Mouse events outside stack bounds on mobile

Richard Gaskin ambassador at fourthworld.com
Mon Oct 12 13:09:20 EDT 2015


Thanks Colin and Jacque for those examples.

I can see the need to have content in fixed ratios when the content 
itself is inherently fixed, like movies or full-screen graphics.

My own inclination would be to put such content in a group and have that 
sized and placed along with other controls according to the device itself.
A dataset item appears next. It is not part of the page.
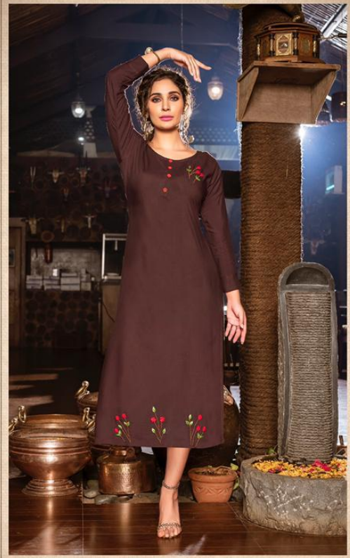
D.no - 1008

But if this presents things to your users in ways that work for you, I 
certainly appreciate the convenience of setting a property and having 
the engine do the rest of the work.

-- 
  Richard Gaskin
  Fourth World Systems
  Software Design and Development for the Desktop, Mobile, and the Web
  ____________________________________________________________________
  Ambassador at FourthWorld.com                http://www.FourthWorld.com


Colin Holgate wrote:
> Think of any story scene based game, where what you see is not a utility app full of fields and buttons that could be placed using code. You would not want to have to create different artwork for every possible aspect ratio screen. Instead you have extra scenery that gets revealed on wider or taller devices.
>
> Almost all the apps I’ve made used showall, where either there was extra content to the left and right of the card area (stage area as the case was, not being LiveCode apps), or extra content above and below the card area. Which way I work depends on the nature of the app. For example, in a book like app I want the full height of the page to always be visible, and I reveal spare background to the left and right (this is with landscape by the way). For graphical games I make it be that all devices see the full width of the scene, and on wider aspect ration devices the scene gets cropped at the top and bottom. The essential game play is within a 16:9 center part of the display, and there is extra background to take it up to 4:3 ratio.
>
> Sometimes I don’t want to eat into so much of either the width or the height, and for those cases I have 14:9 ratio content, and use noborder. On a 4:3 device you see the full height of the scene, and most of the width. On 16:9 devices you see the full width of the scene, and most of the height. It’s a good compromise, and the safety area is the middle 14:9 part of the scene.
>
> The advantage of all this is that you don’t have to worry about either the screen size or aspect ratio, LiveCode makes your content fill the screen.
>
> I made these pages to show off the different modes. Choose one of them and then resize the browser window to simulate different aspect ratio devices:
>
> http://colin.scienceninja.com/showall.html
> http://colin.scienceninja.com/noborder.html
> http://colin.scienceninja.com/topleftnoscale.html
> http://colin.scienceninja.com/noscale.html
> http://colin.scienceninja.com/exactfit.html
>
> The red lines are iPad ratio, green is iPhone 4 ratio, and blue is iPhone 5 ratio.